Required action: Without the pictures, set down every line of the data exactly.

___ Records for this task ___

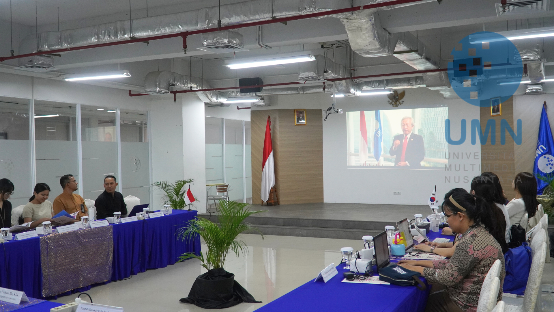 TANGERANG - Pada tanggal (17/10/2025), Fakultas Seni dan Desain (FSD) Universitas Multimedia Nusantara (UMN) kembali menggelar diskusi kolaborasi dengan mitra internasionalnya, Korean University of Media Arts (KUMA), Korea Selatan. Pertemuan ini membahas penguatan kerja sama yang telah berjalan, mulai dari program pertukaran mahasiswa, visiting professor, hingga peluang kolaborasi riset bersama bagi dosen dan mahasiswa. Dekan FSD UMN, Muhammad Cahya Mulya Daulay, menyampaikan bahwa kolaborasi dengan KUMA memberikan pengalaman akademik dan budaya yang berharga bagi sivitas akademika UMN. Hal ini juga diperkuat dengan tanggapan positif dari pihak KUMA yang menilai program pertukaran mahasiswa berjalan baik dan memberikan pemahaman lintas budaya. Ke depan, kedua institusi sepakat untuk memperluas kerja sama melalui penelitian bersama, program sosial, serta pertukaran dosen guna memperkuat hubungan akademik yang berkelanjutan.
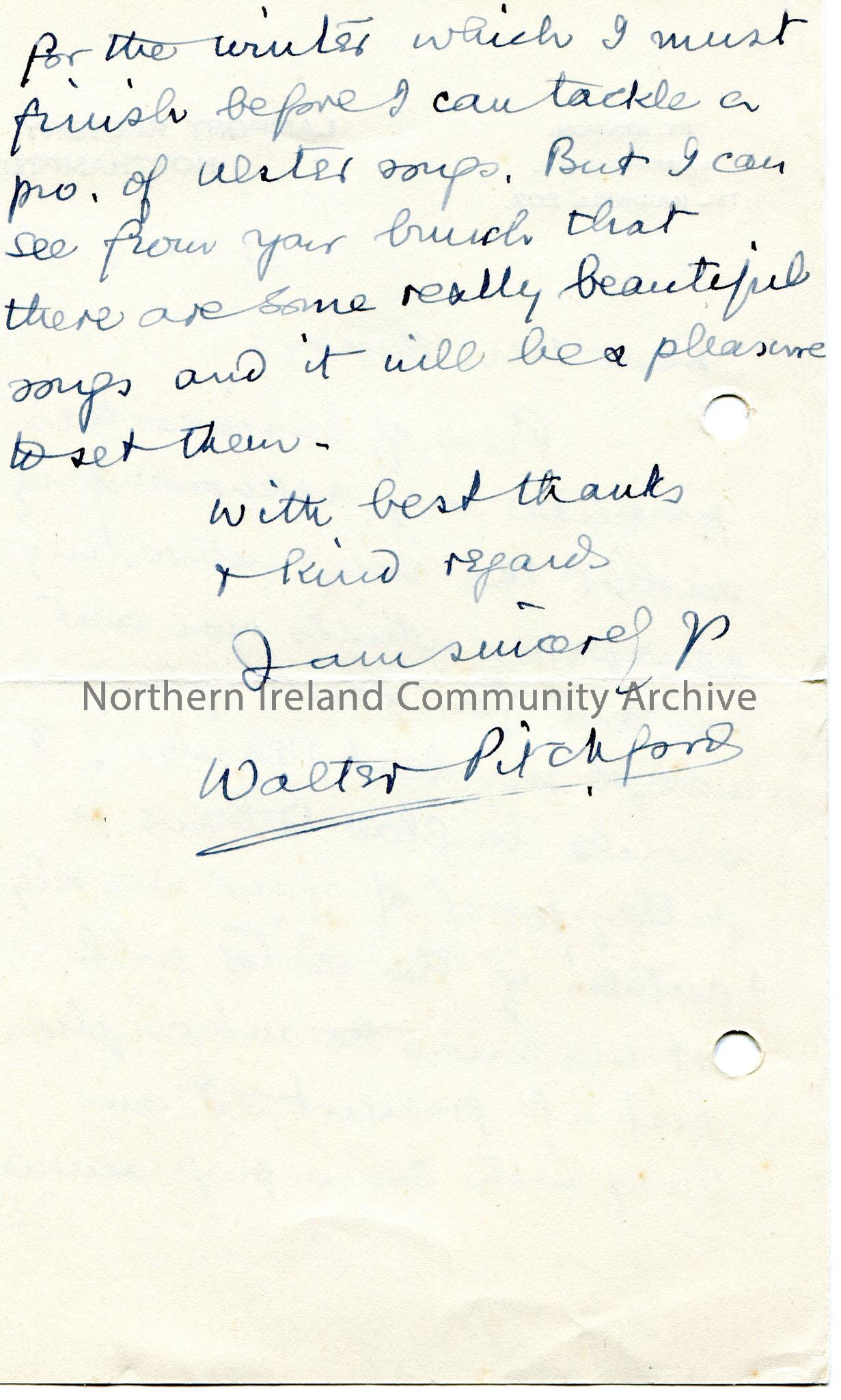 Handwritten letter (double sided) to Mr Henry. Thanks Sam for copy of a newspaper. Will work on a programme of Ulster songs after working on a winter … – scan038b
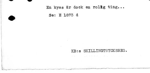 //// En kyss är dock en rolig ting... //// ^ Se: E 1873 d //// ( //// t' //// i //// I //// ' KB:s SKILLINGTRYCKSREG. //// t " . ' * * * ' ////
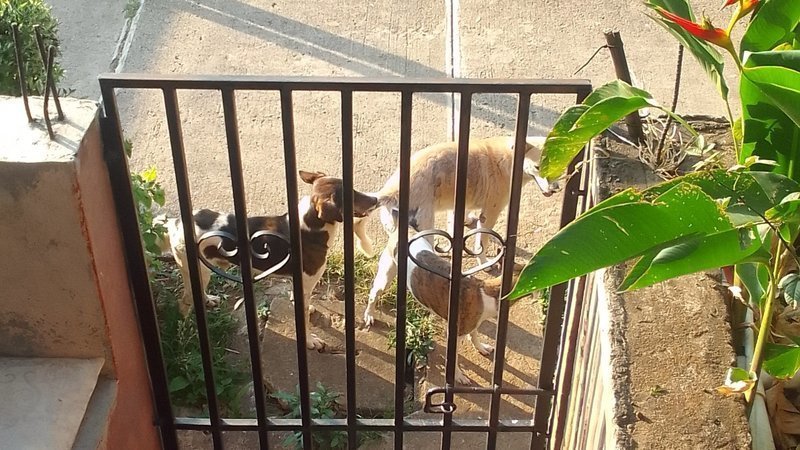 En El Salvador. Perros sin hogar acosando y violando a perrita....(Afuera de la casa de la rescatista amenazada por sus vecinos. No hay apoyo a los animales de compañía, aunque hay una ley a su favor)
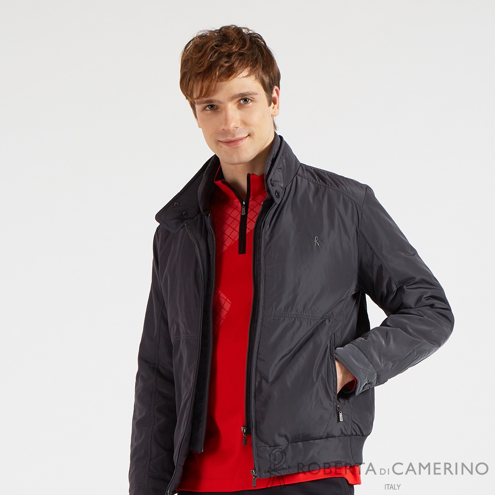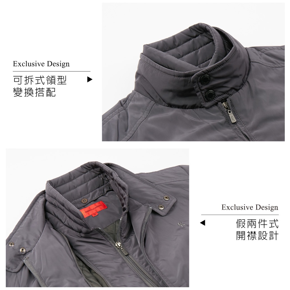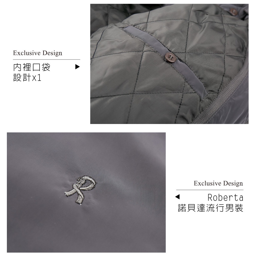 【ROBERTA諾貝達】 男裝 進口素材 防潑水 假兩件式舖棉夾克 黑灰
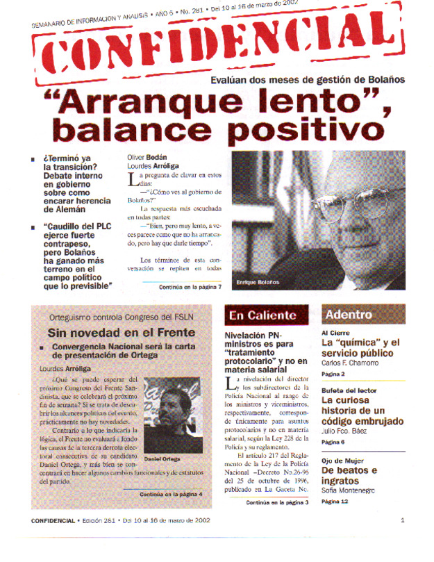 ¿Terminó ya la transición? Debate interno en gobierno sobre como encarar herencia de Alemán. «Caudillo del PLC ejerce fuerte contrapeso, pero Bolaños ha ganado más terreno en el campo político que lo previsible».
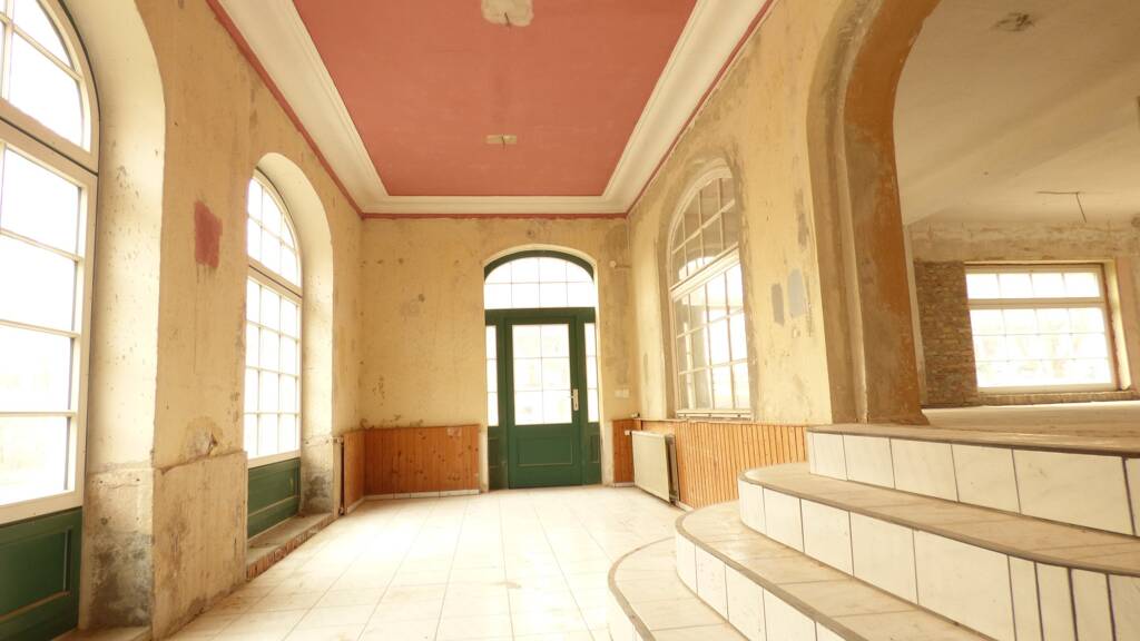 Der ebenerdig gelegene, kleinere Raum der Gewerbeeinheit ist über eine innen liegende Freitreppe mit dem Hauptraum im Hochparterre verbunden. Insgesamt bestehen zwei Zugangsmöglichkeiten vom Marktplatz aus. Im Objekt befinden sich die Gewerberäume im EG und Hochparterre sowie ein direkter Kellerzugang von den Gewerbeinneren. Ausstattung: Die Medien wie Trink- und Schmutzwasseranschluss, Elektro sind vorhanden, aber entsprechend den heutigen Standard nicht. Zur Beheizung ist die Installation einer Gas-Etagenheizung vorgesehen. Der Einbau kann in Eigenregie vorgenommen werden, um die Mietbelastung geringer zu halten.
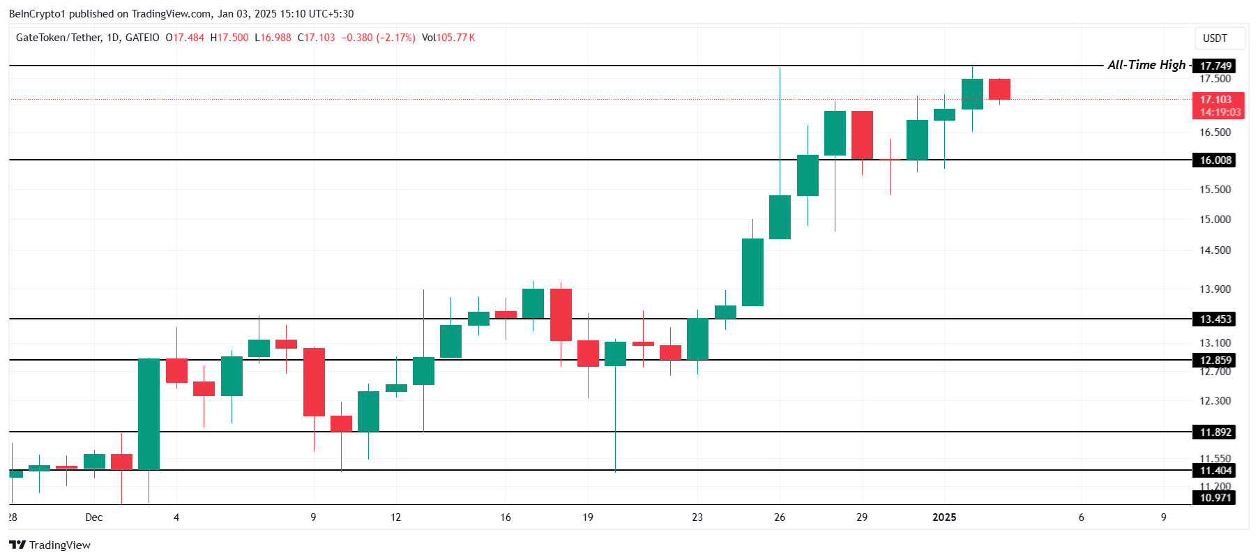 Outro token de cripto que atingiu um novo recorde histórico (ATH) foi GT, que alcançou US$ 17,74 após se recuperar do suporte de US$ 16,00 no início desta semana. Este aumento destaca o forte impulso ascendente da altcoin, capturando a atenção dos investidores e posicionando-a como uma destacada no mercado.
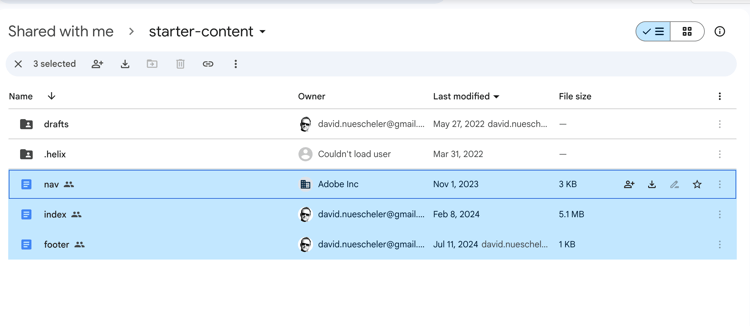 4. Assicurati di condividere la cartella con helix@adobe.com.
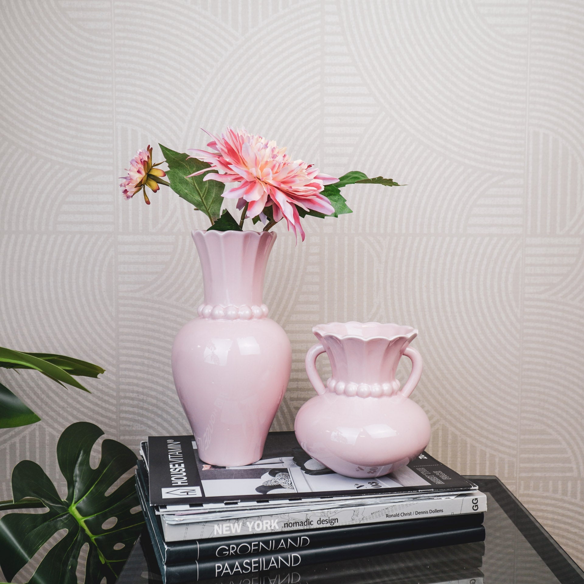 Vaas- Kruik Vaas met Parelhals- Dolomiet - Licht Roze- 12x12x24cm
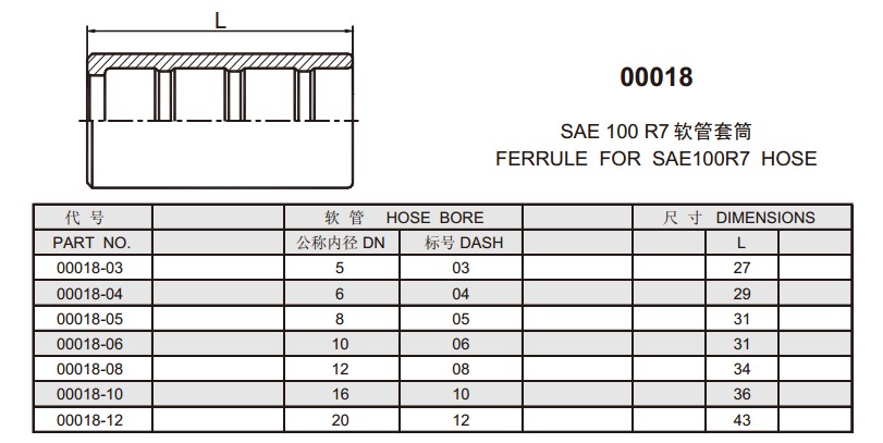 詳細信息 00018-03,00018-04,00018-05,00018-06,00018-08,00018-10,00018-12,扣壓式軟管接頭
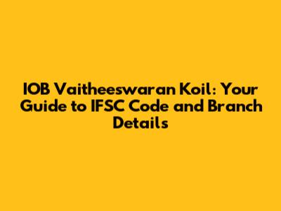 1. Where can I find the IOB Vaitheeswaran Koil branch address? You can usually find the branch address on your bank statements, cheque book, or by using the branch locator on the IOB website. You can also find it through third-party websites when searching for the IFSC code.
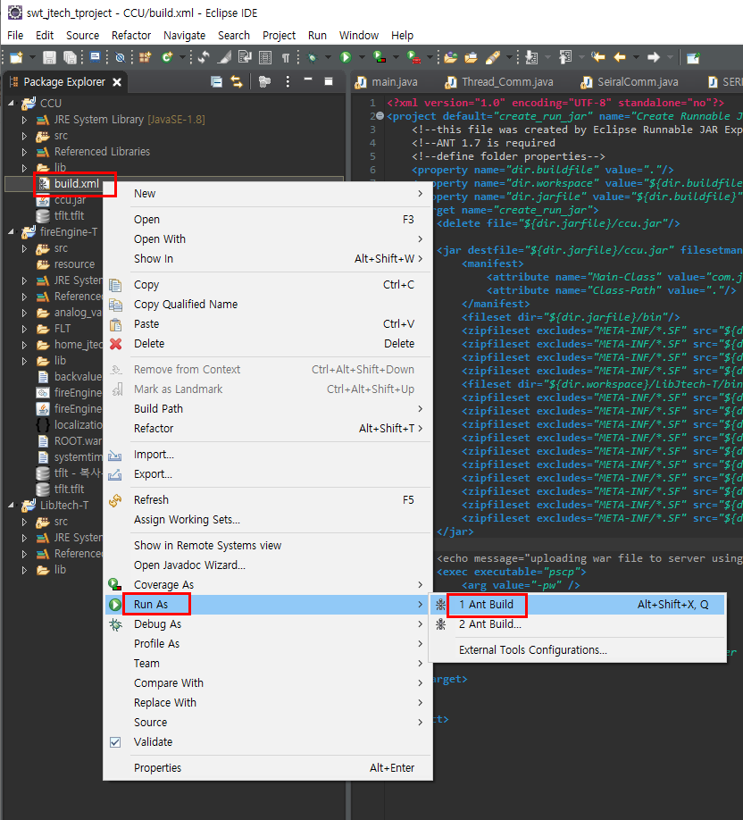 요로케 build.xml 파일에서 마우스 우측클릭하여 하는 방법도 있다.
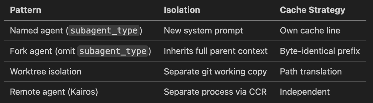 分叉代理复制可变状态来隔离(避免互相污染),同时共享 prompt cache 前缀(避免成本爆炸)。这是个微妙平衡,隔离过度会浪费缓存,共享过度会引入 bug。
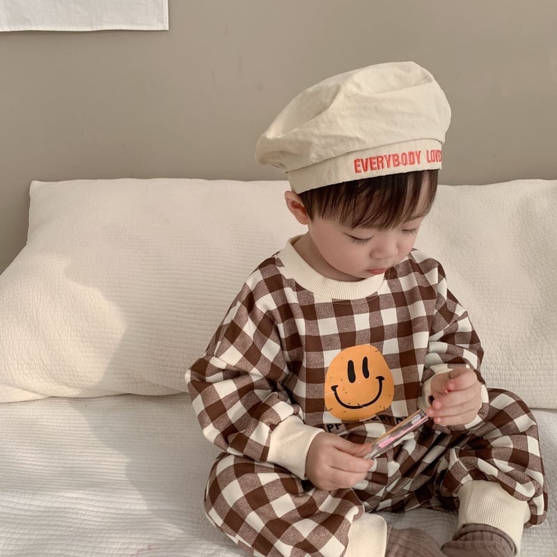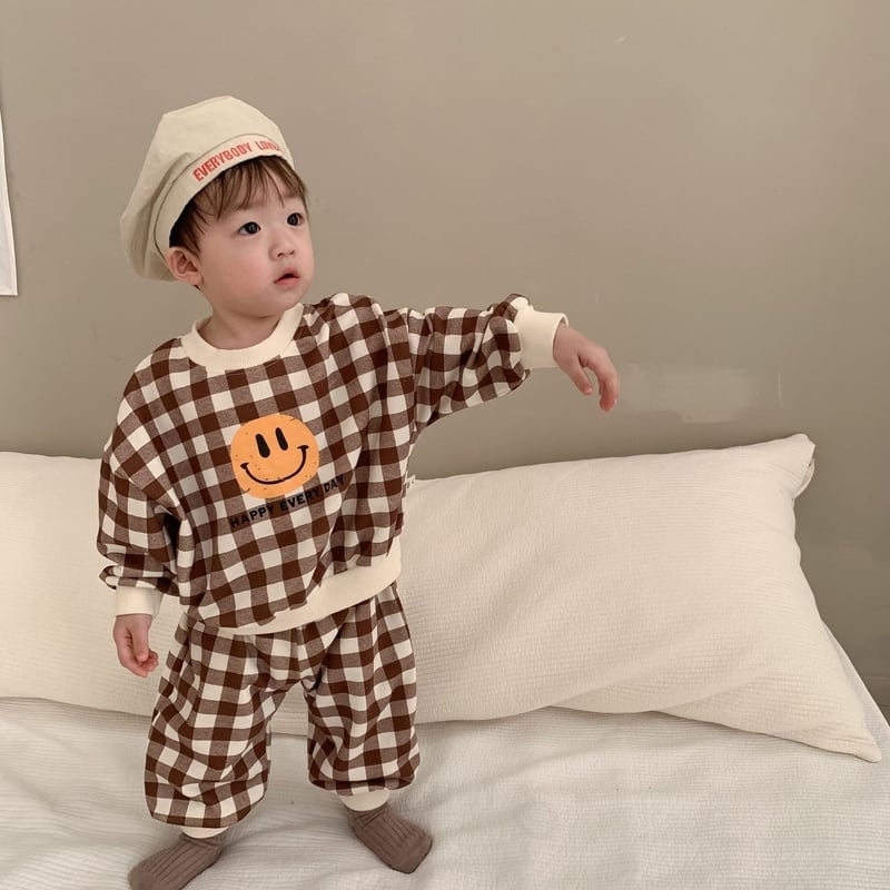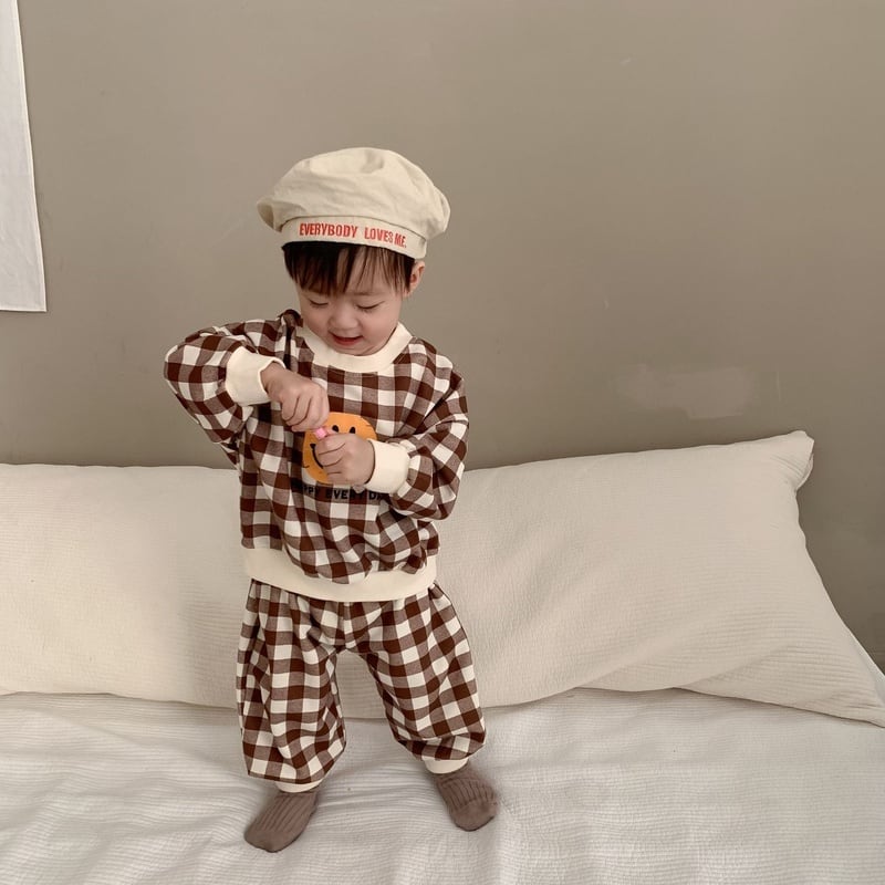 【BABY】韓国風 チェック柄笑顔セットアップ

___

Task answer:
 TANGERANG - Pada tanggal (17/10/2025), Fakultas Seni dan Desain (FSD) Universitas Multimedia Nusantara (UMN) kembali menggelar diskusi kolaborasi dengan mitra internasionalnya, Korean University of Media Arts (KUMA), Korea Selatan. Pertemuan ini membahas penguatan kerja sama yang telah berjalan, mulai dari program pertukaran mahasiswa, visiting professor, hingga peluang kolaborasi riset bersama bagi dosen dan mahasiswa. Dekan FSD UMN, Muhammad Cahya Mulya Daulay, menyampaikan bahwa kolaborasi dengan KUMA memberikan pengalaman akademik dan budaya yang berharga bagi sivitas akademika UMN. Hal ini juga diperkuat dengan tanggapan positif dari pihak KUMA yang menilai program pertukaran mahasiswa berjalan baik dan memberikan pemahaman lintas budaya. Ke depan, kedua institusi sepakat untuk memperluas kerja sama melalui penelitian bersama, program sosial, serta pertukaran dosen guna memperkuat hubungan akademik yang berkelanjutan.
 Handwritten letter (double sided) to Mr Henry. Thanks Sam for copy of a newspaper. Will work on a programme of Ulster songs after working on a winter … – scan038b
 //// En kyss är dock en rolig ting... //// ^ Se: E 1873 d //// ( //// t' //// i //// I //// ' KB:s SKILLINGTRYCKSREG. //// t " . ' * * * ' ////
 En El Salvador. Perros sin hogar acosando y violando a perrita....(Afuera de la casa de la rescatista amenazada por sus vecinos. No hay apoyo a los animales de compañía, aunque hay una ley a su favor)
 【ROBERTA諾貝達】 男裝 進口素材 防潑水 假兩件式舖棉夾克 黑灰
 ¿Terminó ya la transición? Debate interno en gobierno sobre como encarar herencia de Alemán. «Caudillo del PLC ejerce fuerte contrapeso, pero Bolaños ha ganado más terreno en el campo político que lo previsible».
 Der ebenerdig gelegene, kleinere Raum der Gewerbeeinheit ist über eine innen liegende Freitreppe mit dem Hauptraum im Hochparterre verbunden. Insgesamt bestehen zwei Zugangsmöglichkeiten vom Marktplatz aus. Im Objekt befinden sich die Gewerberäume im EG und Hochparterre sowie ein direkter Kellerzugang von den Gewerbeinneren. Ausstattung: Die Medien wie Trink- und Schmutzwasseranschluss, Elektro sind vorhanden, aber entsprechend den heutigen Standard nicht. Zur Beheizung ist die Installation einer Gas-Etagenheizung vorgesehen. Der Einbau kann in Eigenregie vorgenommen werden, um die Mietbelastung geringer zu halten.
 Outro token de cripto que atingiu um novo recorde histórico (ATH) foi GT, que alcançou US$ 17,74 após se recuperar do suporte de US$ 16,00 no início desta semana. Este aumento destaca o forte impulso ascendente da altcoin, capturando a atenção dos investidores e posicionando-a como uma destacada no mercado.
 4. Assicurati di condividere la cartella con helix@adobe.com.
 Vaas- Kruik Vaas met Parelhals- Dolomiet - Licht Roze- 12x12x24cm
 詳細信息 00018-03,00018-04,00018-05,00018-06,00018-08,00018-10,00018-12,扣壓式軟管接頭
 1. Where can I find the IOB Vaitheeswaran Koil branch address? You can usually find the branch address on your bank statements, cheque book, or by using the branch locator on the IOB website. You can also find it through third-party websites when searching for the IFSC code.
 요로케 build.xml 파일에서 마우스 우측클릭하여 하는 방법도 있다.
 分叉代理复制可变状态来隔离(避免互相污染),同时共享 prompt cache 前缀(避免成本爆炸)。这是个微妙平衡,隔离过度会浪费缓存,共享过度会引入 bug。
 【BABY】韓国風 チェック柄笑顔セットアップ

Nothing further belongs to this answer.